Les victimes des violences policières au Nigeria attendent toujours justice, un an après la sanglante répression par l’armée et la police d’un large mouvement de contestation dans le pays, a affirmé Human Rights Watch (HRW) dans un rapport publié mardi.
« Les autorités nigérianes doivent prendre des mesures concrètes et décisives pour que les personnes responsables des bavures commises contre les manifestants soient poursuivies », a appelé l’organisation de défense des droits humains.

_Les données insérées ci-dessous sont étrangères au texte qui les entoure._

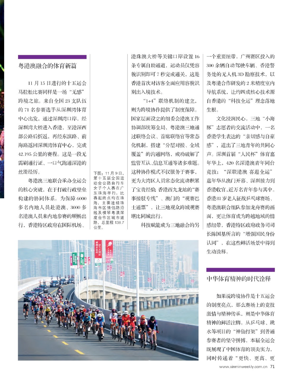 这是全运会历史上首次由粤港澳三地联合承办的体育盛会,既彰显着“一国两制”的生动实践,也书写着大湾区深度融合的新篇章。

L’année dernière, le mouvement #EndSARS (« en finir avec la Sars ») contre les violences policières, du nom d’une unité spéciale de la police accusée depuis des années de racketter la population, de torture et même de meurtre, avait secoué les grandes villes du sud du pays le plus peuplé d’Afrique.
Il avait pris fin quand la police avait ouvert le feu le 20 octobre au péage de Lekki à Lagos, lieu de rassemblement emblématique des contestataires, causant la mort d’au moins 10 manifestants désarmés et déclenchant l’indignation internationale. Devant une commission d’enquête, l’armée avait affirmé n’avoir eu recours qu’à des balles à blanc, puis avait admis que ses soldats disposaient également de balles réelles.

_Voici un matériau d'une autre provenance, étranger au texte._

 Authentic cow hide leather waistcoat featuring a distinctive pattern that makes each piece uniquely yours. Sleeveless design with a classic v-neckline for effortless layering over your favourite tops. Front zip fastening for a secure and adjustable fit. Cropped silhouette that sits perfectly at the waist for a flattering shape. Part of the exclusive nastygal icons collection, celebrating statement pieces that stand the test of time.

Dans le rapport publié mardi, HRW explique avoir interrogé 54 personnes, dont des victimes ainsi que leurs familles, des manifestants, des membres de la société civile, des médecins et des journalistes. Selon eux, l’armée a utilisé une tactique pour « piéger » les manifestants, les rassemblant à un endroit spécifique, avant « de tirer en l’air et sur la foule », écrit l’ONG « Une fois les soldats partis, les policiers sont arrivés sur place et, d’après de nombreux témoins, ont ouvert le feu sur les manifestants n’ayant pas pu fuir », poursuit-elle.

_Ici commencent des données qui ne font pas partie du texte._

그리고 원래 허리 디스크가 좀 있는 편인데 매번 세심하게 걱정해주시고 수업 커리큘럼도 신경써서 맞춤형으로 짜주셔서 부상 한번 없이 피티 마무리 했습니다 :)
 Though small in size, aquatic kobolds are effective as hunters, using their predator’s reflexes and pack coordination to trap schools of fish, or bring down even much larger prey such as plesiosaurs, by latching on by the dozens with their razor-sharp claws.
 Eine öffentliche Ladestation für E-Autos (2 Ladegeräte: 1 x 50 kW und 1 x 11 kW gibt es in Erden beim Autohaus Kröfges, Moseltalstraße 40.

HRW n’a pas pu établir un bilan définitif des victimes mais des témoins ont déclaré à ses chercheurs avoir vu « au moins 15 corps sans vie et que des officiers de l’armée avaient emporté au moins 11 d’entre eux ». Trois personnes ont également dû se faire amputer suite à des blessures par balles à Lekki, a expliqué un médecin à HRW. Ni la police ni les porte-paroles de l’armée n’ont souhaité répondre à l’AFP au sujet de ces allégations.
La commission d’enquête mise en place pour faire la lumière sur la répression de Lekki et sur les abus de la Sars doit achever ses travaux mardi. Ce panel judiciaire n’a pas le pouvoir de prendre des décisions, écrit HRW, mais peut faire des recommandations au gouvernement, qui peuvent être appliquées par la Haute cour fédérale.